Structured Data Regression
!export KERAS_BACKEND="torch"
!pip install autokeras
from sklearn.datasets import fetch_california_housing
import autokeras as ak
A Simple Example
The first step is to prepare your data. Here we use the California housing dataset as an example.
house_dataset = fetch_california_housing()
train_size = int(house_dataset.data.shape[0] * 0.9)
x_train = house_dataset.data[:train_size]
y_train = house_dataset.target[:train_size]
x_test = house_dataset.data[train_size:]
y_test = house_dataset.target[train_size:]

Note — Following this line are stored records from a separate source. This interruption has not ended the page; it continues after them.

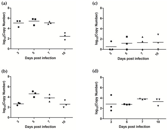 Shedding of AlsPV in ferret respiratory secretions following oronasal exposure. Ferrets were sampled prior to euthanasia, either 3, 5, 7 or 10 days post infection. Graphs present log transformations of the (a) copy number of AlsPV N gene per ml of nasal wash sample, (b) titer of AlsPV isolated from nasal wash, (c) copy number of AlsPV N gene per ml of oral swab sample, and the (d) titer of AlsPV isolated from oral swabs.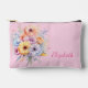 Gerbera flowers add name pink accessory pouch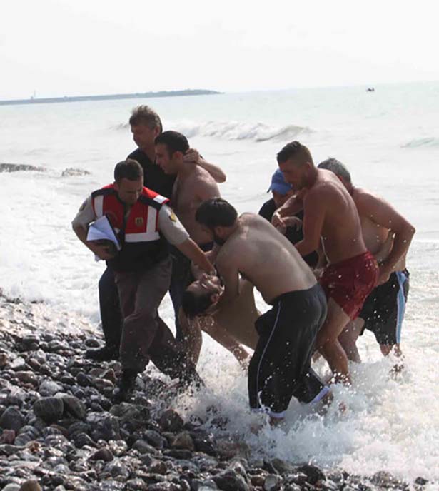 plaja gelen Akın Ö. (18), çocuğu kurtarmak için denize atladı. Ancak üç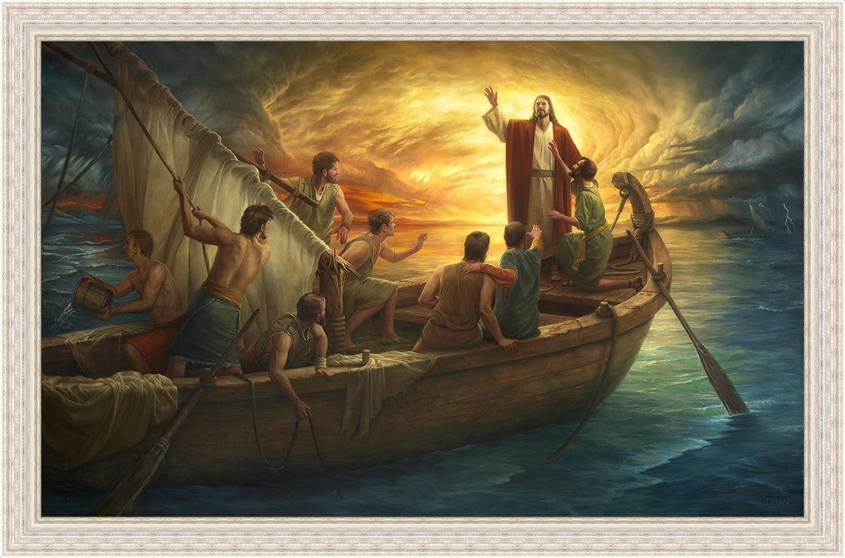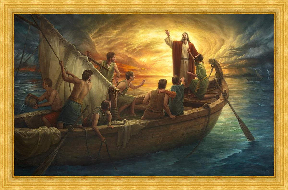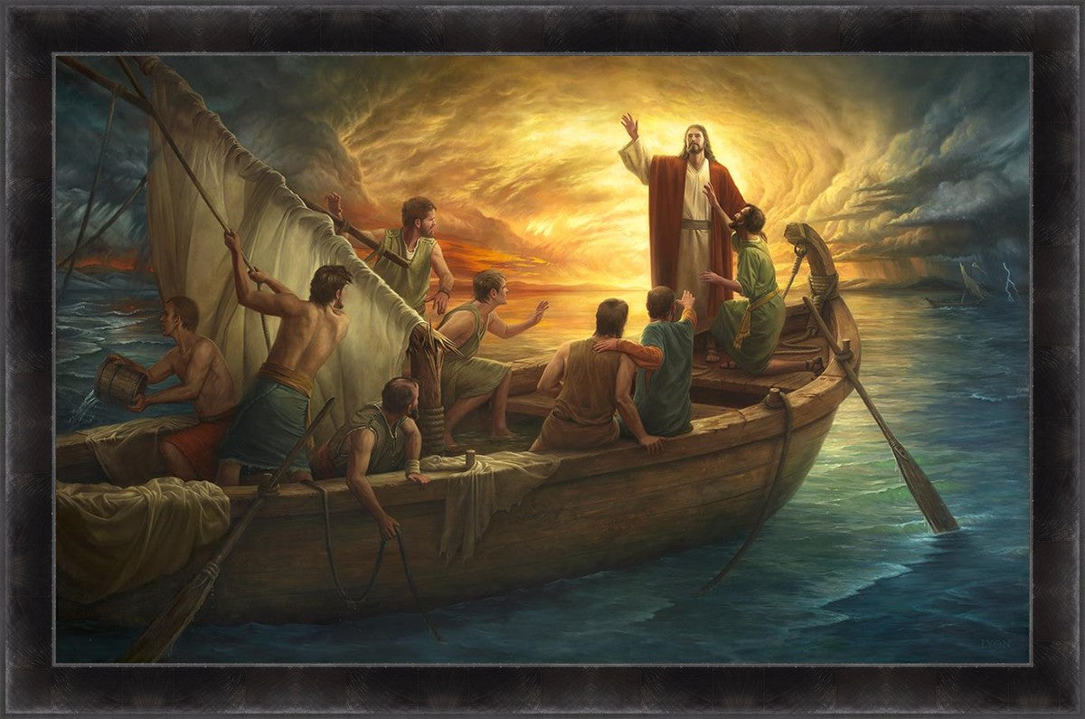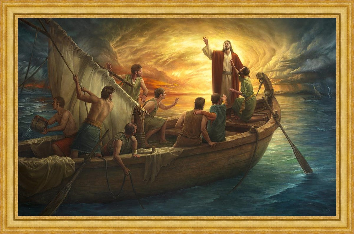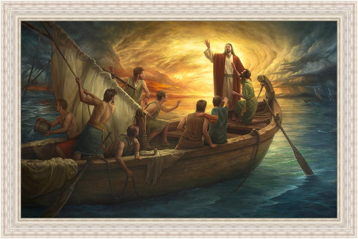 We will face trials in this life. There will be times when the sea is raging around us. It may feel as if we are destined to fail, that the storms are too great and we are helpless. This painting by Howard Lyon depicts a range of emotions that we can all relate to. We often try to save ourselves, but when we turn to the Lord, He will save us and we will hear those magnificent words spoken in our hearts: “Peace, be still.”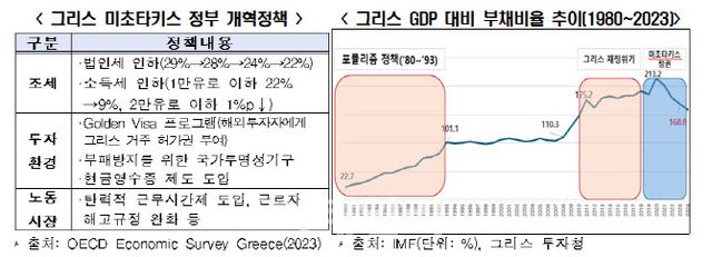 국가 디폴트 사태까지 겪었던 그리스는 최근 EU 성장률을 상회하는 경제성장을 보이며 ’OECD 2023 올해의 국가‘로 선정됐다. 80~90년대 그리스는 ‘국민이 원하는 것은 다 줘라’는 슬로건 하에 무상의료·교육, 연금 인상, 공무원 증원 등 선심성 정책을 펼친 바 있다. 이는 국가부채의 급격한 누적으로 이어져 후 그리스 재정위기의 원인이 됐다.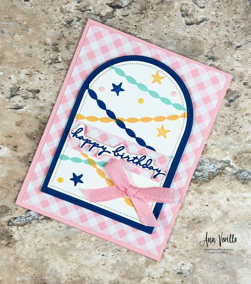 Hello Stampers & Crafters! I’m having fun this week crafting with the Arched Wishes Stamp Set. Today’s card for my Weekly Card Class Kit To Go is full of cheerful birthday charm. I created this fun Arched Wishes Happy Birthday Card!

The second step is to run the StructuredDataRegressor. As a quick demo, we set epochs to 10. You can also leave the epochs unspecified for an adaptive number of epochs.
# Initialize the structured data regressor.
reg = ak.StructuredDataRegressor(
overwrite=True, max_trials=3
) # It tries 3 different models.
# Feed the structured data regressor with training data.
reg.fit(
x_train,
y_train,
epochs=10,
)
# Predict with the best model.
predicted_y = reg.predict(x_test)
# Evaluate the best model with testing data.
print(reg.evaluate(x_test, y_test))
You can also specify the column names and types for the data as follows. The
column_names is optional if the training data already have the column names,
e.g. pandas.DataFrame, CSV file. Any column, whose type is not specified will
be inferred from the training data.
# Initialize the structured data regressor.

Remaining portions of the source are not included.